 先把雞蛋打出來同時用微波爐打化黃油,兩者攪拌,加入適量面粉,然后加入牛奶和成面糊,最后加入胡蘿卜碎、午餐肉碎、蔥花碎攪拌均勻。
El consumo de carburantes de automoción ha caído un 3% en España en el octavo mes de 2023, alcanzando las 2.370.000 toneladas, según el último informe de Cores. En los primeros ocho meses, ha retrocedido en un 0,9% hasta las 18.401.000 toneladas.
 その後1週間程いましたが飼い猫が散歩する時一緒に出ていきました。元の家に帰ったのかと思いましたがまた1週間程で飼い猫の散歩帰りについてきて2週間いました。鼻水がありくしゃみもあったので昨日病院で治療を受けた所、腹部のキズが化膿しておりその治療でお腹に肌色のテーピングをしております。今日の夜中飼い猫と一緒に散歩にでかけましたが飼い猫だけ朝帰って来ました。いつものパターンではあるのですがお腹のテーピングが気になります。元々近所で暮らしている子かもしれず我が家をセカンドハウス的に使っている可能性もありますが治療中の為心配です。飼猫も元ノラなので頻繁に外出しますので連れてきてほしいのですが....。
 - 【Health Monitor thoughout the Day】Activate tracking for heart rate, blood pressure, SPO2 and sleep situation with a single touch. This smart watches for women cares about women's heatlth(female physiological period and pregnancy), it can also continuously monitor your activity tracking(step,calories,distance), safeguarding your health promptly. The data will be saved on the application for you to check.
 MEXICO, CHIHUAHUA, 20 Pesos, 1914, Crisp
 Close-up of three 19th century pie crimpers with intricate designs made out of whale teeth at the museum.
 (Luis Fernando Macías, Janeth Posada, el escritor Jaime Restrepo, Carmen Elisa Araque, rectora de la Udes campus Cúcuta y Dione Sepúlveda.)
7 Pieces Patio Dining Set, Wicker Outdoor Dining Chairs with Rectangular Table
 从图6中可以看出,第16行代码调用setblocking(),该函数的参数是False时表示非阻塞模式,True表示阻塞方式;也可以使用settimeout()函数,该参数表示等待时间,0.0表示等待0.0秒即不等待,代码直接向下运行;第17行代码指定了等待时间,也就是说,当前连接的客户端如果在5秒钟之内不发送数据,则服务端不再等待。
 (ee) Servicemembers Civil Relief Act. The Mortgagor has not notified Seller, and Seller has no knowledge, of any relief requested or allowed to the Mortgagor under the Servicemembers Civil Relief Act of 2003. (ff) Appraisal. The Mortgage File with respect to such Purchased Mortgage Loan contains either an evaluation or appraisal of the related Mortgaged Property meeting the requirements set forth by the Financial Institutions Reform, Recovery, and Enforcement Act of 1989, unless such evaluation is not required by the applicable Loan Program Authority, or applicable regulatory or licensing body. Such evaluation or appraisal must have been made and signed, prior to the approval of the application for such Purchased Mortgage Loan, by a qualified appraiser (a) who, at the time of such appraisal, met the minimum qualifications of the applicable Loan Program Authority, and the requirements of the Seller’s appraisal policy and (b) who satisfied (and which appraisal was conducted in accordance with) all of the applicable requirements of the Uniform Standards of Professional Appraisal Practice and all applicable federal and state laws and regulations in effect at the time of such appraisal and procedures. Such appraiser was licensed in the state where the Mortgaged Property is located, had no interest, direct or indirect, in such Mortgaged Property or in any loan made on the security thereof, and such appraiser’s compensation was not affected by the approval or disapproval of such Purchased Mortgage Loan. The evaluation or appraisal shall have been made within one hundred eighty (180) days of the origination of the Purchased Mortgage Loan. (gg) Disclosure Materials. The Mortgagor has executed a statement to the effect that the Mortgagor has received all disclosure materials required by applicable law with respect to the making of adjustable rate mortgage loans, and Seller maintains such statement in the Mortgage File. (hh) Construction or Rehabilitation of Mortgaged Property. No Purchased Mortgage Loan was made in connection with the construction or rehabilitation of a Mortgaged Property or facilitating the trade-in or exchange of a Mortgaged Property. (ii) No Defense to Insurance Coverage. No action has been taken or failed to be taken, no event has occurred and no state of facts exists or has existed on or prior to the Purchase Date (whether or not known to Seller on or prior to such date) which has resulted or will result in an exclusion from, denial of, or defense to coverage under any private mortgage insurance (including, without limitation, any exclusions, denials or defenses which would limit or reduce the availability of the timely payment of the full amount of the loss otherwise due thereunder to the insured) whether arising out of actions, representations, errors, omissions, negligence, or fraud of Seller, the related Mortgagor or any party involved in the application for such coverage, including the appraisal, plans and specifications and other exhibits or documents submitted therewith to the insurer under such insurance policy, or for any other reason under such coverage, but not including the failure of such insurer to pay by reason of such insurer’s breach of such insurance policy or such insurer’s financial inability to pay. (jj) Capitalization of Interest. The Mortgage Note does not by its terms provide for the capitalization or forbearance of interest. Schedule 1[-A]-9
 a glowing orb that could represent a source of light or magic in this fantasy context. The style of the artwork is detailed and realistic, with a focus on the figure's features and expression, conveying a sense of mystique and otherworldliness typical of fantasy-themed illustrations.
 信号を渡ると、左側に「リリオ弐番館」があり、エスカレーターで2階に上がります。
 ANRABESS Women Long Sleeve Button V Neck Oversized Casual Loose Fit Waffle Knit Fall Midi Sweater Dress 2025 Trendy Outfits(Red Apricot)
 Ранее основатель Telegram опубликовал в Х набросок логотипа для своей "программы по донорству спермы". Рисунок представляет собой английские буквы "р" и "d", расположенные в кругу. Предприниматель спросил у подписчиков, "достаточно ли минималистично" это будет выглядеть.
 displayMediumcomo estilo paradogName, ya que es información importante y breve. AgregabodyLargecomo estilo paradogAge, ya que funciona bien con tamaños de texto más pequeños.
- - -
Between the first line of the entries above and the line with "Close-up of three", both included, copy every line exactly and nothing outside that range.

 先把雞蛋打出來同時用微波爐打化黃油,兩者攪拌,加入適量面粉,然后加入牛奶和成面糊,最后加入胡蘿卜碎、午餐肉碎、蔥花碎攪拌均勻。
El consumo de carburantes de automoción ha caído un 3% en España en el octavo mes de 2023, alcanzando las 2.370.000 toneladas, según el último informe de Cores. En los primeros ocho meses, ha retrocedido en un 0,9% hasta las 18.401.000 toneladas.
 その後1週間程いましたが飼い猫が散歩する時一緒に出ていきました。元の家に帰ったのかと思いましたがまた1週間程で飼い猫の散歩帰りについてきて2週間いました。鼻水がありくしゃみもあったので昨日病院で治療を受けた所、腹部のキズが化膿しておりその治療でお腹に肌色のテーピングをしております。今日の夜中飼い猫と一緒に散歩にでかけましたが飼い猫だけ朝帰って来ました。いつものパターンではあるのですがお腹のテーピングが気になります。元々近所で暮らしている子かもしれず我が家をセカンドハウス的に使っている可能性もありますが治療中の為心配です。飼猫も元ノラなので頻繁に外出しますので連れてきてほしいのですが....。
 - 【Health Monitor thoughout the Day】Activate tracking for heart rate, blood pressure, SPO2 and sleep situation with a single touch. This smart watches for women cares about women's heatlth(female physiological period and pregnancy), it can also continuously monitor your activity tracking(step,calories,distance), safeguarding your health promptly. The data will be saved on the application for you to check.
 MEXICO, CHIHUAHUA, 20 Pesos, 1914, Crisp
 Close-up of three 19th century pie crimpers with intricate designs made out of whale teeth at the museum.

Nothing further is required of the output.